2) The minimum peak voltage of the AC source after rectification a min line voltage, should be greater than 6V

You will need sufficient CIn hold-up capacitance that the valley voltage post rectification does not fall below 5.5V to maintain a 5V output or 4.0V to maintain a 3.3V output.

The amount of Cin required will depend significantly on the value of minimum AC line, and depending on the tolerance of the AC source, it might not be possible to operate between 6V and 17V peak.

A quick, but over estimation, of the amount of capacitance needed is Output Power (Vout * Iout) divided by efficiency (about 0.9) to get Input Power.  Divide Input Power by the minimum Vin voltage to the TPS82150 to get the VIN load current.

The Cin input capacitors need to deliver that much load current for 1/ 120 Hz = 8.33ms without allowing the rectified voltage to drop below 5.5V or 4.0V.

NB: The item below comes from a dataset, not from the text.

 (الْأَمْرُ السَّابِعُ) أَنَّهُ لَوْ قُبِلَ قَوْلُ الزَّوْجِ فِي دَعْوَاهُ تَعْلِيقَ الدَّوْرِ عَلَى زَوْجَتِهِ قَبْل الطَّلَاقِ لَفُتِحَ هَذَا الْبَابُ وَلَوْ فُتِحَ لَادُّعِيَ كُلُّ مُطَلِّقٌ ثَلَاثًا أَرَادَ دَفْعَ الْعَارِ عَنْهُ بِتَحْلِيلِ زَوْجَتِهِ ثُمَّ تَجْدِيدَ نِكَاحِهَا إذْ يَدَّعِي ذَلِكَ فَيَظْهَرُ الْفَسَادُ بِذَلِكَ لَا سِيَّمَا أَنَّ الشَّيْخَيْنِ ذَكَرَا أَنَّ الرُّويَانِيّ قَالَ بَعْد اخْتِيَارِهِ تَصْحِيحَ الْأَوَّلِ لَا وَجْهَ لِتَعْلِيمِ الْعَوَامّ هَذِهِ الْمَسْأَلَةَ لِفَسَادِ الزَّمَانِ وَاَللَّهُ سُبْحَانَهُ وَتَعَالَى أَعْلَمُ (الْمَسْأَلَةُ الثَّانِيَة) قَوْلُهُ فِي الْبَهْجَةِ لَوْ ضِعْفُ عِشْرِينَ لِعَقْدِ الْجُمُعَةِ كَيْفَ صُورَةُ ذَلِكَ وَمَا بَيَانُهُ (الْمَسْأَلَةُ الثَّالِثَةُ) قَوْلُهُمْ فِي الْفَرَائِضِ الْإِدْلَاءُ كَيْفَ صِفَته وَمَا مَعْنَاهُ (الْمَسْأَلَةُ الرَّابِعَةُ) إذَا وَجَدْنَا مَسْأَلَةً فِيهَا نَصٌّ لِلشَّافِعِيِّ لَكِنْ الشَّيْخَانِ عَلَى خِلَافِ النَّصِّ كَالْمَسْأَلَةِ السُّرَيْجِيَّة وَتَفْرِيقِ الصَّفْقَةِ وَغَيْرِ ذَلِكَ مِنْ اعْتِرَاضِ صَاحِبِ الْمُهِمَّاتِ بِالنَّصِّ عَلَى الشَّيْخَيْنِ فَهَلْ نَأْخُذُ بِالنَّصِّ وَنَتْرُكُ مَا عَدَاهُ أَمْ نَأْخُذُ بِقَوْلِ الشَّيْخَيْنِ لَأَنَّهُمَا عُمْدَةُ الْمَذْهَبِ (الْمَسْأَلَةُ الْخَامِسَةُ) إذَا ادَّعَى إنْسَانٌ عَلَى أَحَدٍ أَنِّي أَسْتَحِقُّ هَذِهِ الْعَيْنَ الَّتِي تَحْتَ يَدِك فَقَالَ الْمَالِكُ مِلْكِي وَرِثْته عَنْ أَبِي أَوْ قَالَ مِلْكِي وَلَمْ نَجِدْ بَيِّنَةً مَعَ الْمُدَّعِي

Based on a direct transformer conversion from 120RMS +6/-12 AC source, the peak line voltage is 180V, a fixed transform would need to have a 10.5:1 turns ratio to keep the resulting secondary side voltage below 17V peak.  At low line, that provides a peak voltage of 14.9V.  Dropping upto 1.4V across the full wave bridge rectifier provides a minimum rectified input voltage of 13.5V.  Cin would be sized to provide a minimum drop of 8V while the rectified line voltage drops from 13.5V (peak) until it is rising back to 5.5V (6.9V at the output winding or  72.45V at the AC input (48.5% of peak)

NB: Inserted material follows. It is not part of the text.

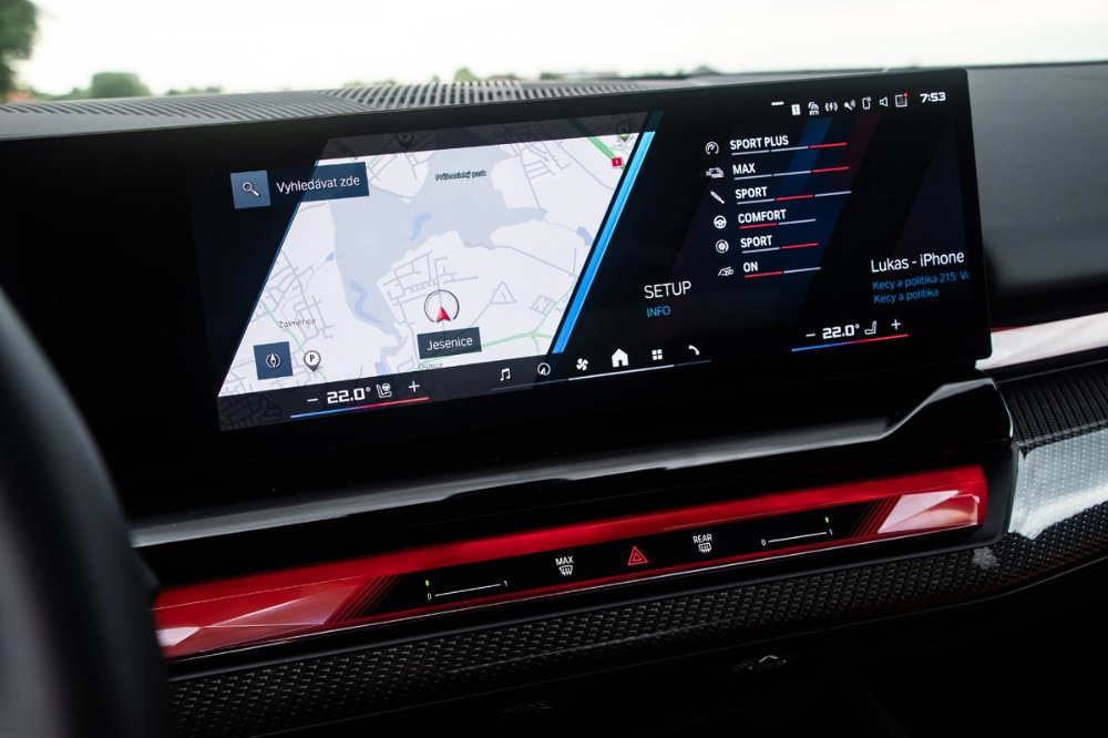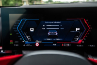 Častou kritikou plug-in hybridů bývá rozdílná dynamika s nabitými a vybitými akumulátory a někdy je tato kritika oprávněná. Tady to ovšem neplatí. Vůz jsme měřili s vybitými akumulátory, respektive s udávaným elektrickým dojezdem 0 km. Vždy stačí jedno intenzivnější brzdění a systém okamžitě nasbírá elektrickou energii, již následně znovu využije. Dobře to bylo vidět později během testovacího týdne, kdy jsme s M5 vyrazili na svižnější projížďku po okresních komunikacích. Na začátku jsme měli elektrický dojezd 0 km, po projížďce systém ukazoval 25 km. Množství jízdních charakterů je asi největším kouzlem tohoto sofistikovaného stroje. Na denních trasách může fungovat jako bezemisní elektromobil, jinde to může být klasický hybrid a po zmáčknutí jednoho ze dvou červených tlačítek je najednou výsledkem dynamika supersportu. Konkrétní nastavení pak bude ovlivňovat i výslednou spotřebu, jež se může bez přehánění pohybovat někde v rozmezí 0 až třeba 30 l/100 km. BMW M5 si pochopitelně přebírá veškeré elektrické „vychytávky“ známé z jiných plug-in hybridních typů, včetně možnosti „zakonzervovat“ nabití akumulátorů na později nebo rozložení elektřiny uložené v akumulátorech na celou trasu. Abychom ale mohli porovnávat toto měření s výsledky z testu generace F90, které jsme naměřili v roce 2018, trasu pro měření spotřeby jsme objeli se zcela vybitými akumulátory. Pohon tak fungoval v režimu klasického hybridu.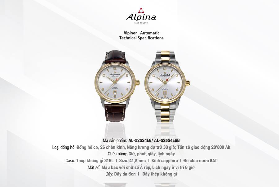 AL-525S4E6 mang thiết kế cổ điển với mặt đồng hồ hình tròn trang nhã. Các cọc số, kim chỉ giờ và phút được vót nhọn sắc sảo. Phần đuôi của kim giây được chế tác theo hình tam giác, phủ lên màu đỏ nổi bật trên nền đồng hồ trắng bạc. Alpina tạo cho mặt đồng hồ của AL-525S4E6 sự tinh tế nhờ vào việc tối giản các chi tiết nhưng vẫn không quên khẳng định đẳng cấp của mình với dòng chữ Swiss Made ở vị trí 6 giờ. Để trở thành một mẫu dresswatch hoàn hảo, Alpina trang bị trên AL-525S4E6 dây da đen thanh lịch đi kèm với đó là đường kính mặt vừa phải, chỉ 41,5mm. Trong khi đó, AL-525S4E6B lại trẻ trung và khỏe khoắn hơn với dây đeo màu bạc làm từ thép không gỉ 316L cao cấp. Bộ máy tự động Thụy Sĩ AL-525 trên AL-525S4E6 và AL-525S4E6B có tới 26 chân kính, mức dự trữ năng lượng là 38 giờ, mang tới khả năng vận hành bền bỉ và chính xác.

The inverse SIN of 0.485 is 29 degrees, so the delay from Peak to the voltage recovering to 48.5% of peak is 119 degrees or 5.5ms at 60Hz.

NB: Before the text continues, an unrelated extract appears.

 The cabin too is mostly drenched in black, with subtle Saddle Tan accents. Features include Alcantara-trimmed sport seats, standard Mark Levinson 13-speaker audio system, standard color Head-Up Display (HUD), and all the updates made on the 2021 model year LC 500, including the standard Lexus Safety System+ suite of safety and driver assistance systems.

The Input Capacitor will have to source 5W of power at about 90% efficiency for 5.5ms with a voltage drop from 13.5V to 5.5V.

5W / 0.9 * 5.5ms = 30.55mJ.

The energy stored in a capacitor is 1/2 C * V^2, the energy recovered from a capacitor discharged from 13.5V to 5.5V is 76 J/F or 402uF

Be careful of the ESR of that capacitor, the above equations did not account for any energy loss on the ESR, which will be carrying close to 1A of current during that 5.5ms.

If we change the turns ration from 10.5:1 to 12:1 (Nominal 10V AC) the peak voltage will drop from 14.9V to 12.4V at the transformer and 11V after the bridge.  With a lower peak voltage, the capacitor needs to hold up the converter input voltage for 5.73ms for 31.8J of energy, and the 11V to 5.5V storage capacity is 45.3J/F, increasing the required hold up capacitance to 700uF (still ignoring ESR losses).

If the line voltage can rise above 128Vrms (120Vrms + 6%) a higher turns ratio may be required, requiring more output capacitance.

If the line voltage can drop below 105Vrms (120Vrms - 12%) a lower initial charge voltage would be forced, requiring more output capacitance.

If the Max AC line to Min AC line ratio is more than 2x, it may not be possible to find a fixed turns ratio that prevents peak recifited voltage less than 17V and holds the valley voltage on CIN greater than 5.5V.